Witold, too, is a dramatic interpreter of Chopin, yet the two descriptions of his style that appear in the story are contradictory. In one, his reputation is that of an ‘austere’, ‘dry’ and ‘severe’ modernist; in the other, an English reviewer praises his ‘soft-toned and Italianate’ Romanticism. Coetzee’s oblique late works often seem wilfully, if subtly, to resist readers’ instinctive search for the clarity of objective fact; instead, they insist that acts of interpretation – whether literary, linguistic or musical – are always open to revision or contradiction. Beatriz, who at the beginning of her story has ‘no time for … circumlocutions, word games, veiled meanings’, ends it by dedicating herself to an intimate interpretative project with no possible conclusion. Costello, meanwhile, already knows that neither novels nor lives are merely ‘a succession of problems presented to the intellect to be solved’. She too pursues an interpretative project without end in trying to imagine and understand the lives of animals.
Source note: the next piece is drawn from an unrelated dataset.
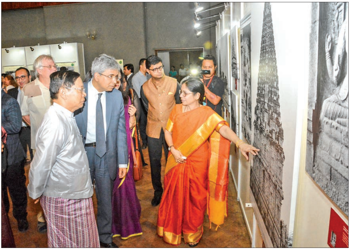
Union Minister Thura U Aung Ko visits the exhibition of Archival Photographs of the Chola Temples of India.

The Great Living Chola Temples are a group of Chola dynasty era temples built during 8<sup>th</sup> to 12<sup>th</sup> century CE. They are listed as a World Heritage Site of the United Nations Educational, Scientific and Cultural Organi-

These stories are tinged with mourning – for the artist on his or her way out of the world, for the missed opportunities for connection and communication, and ultimately for the waning of the life force that Coetzee, like his alter ego, understands as the common inheritance of non-human species as well as human beings. But they are also touched with a moral intensity which, despite the ruses of fiction, is never quite separable from the voice of the author. Among the fruits of Costello’s wild imagination is a half-serious plan to construct a transparent model slaughterhouse so that the public might be introduced to the shocking reality of animal slaughter: ‘It occurred to me that if there were an abattoir operating in the middle of the city, where everyone could see and smell and hear what goes on inside it, people might change their ways.’ Idealistic, perhaps, but it’s a striking image: a transparent model inviting onlookers to bear witness to the suffering that sustains our common life. You get the feeling that Coetzee would like his fiction to serve a similar purpose.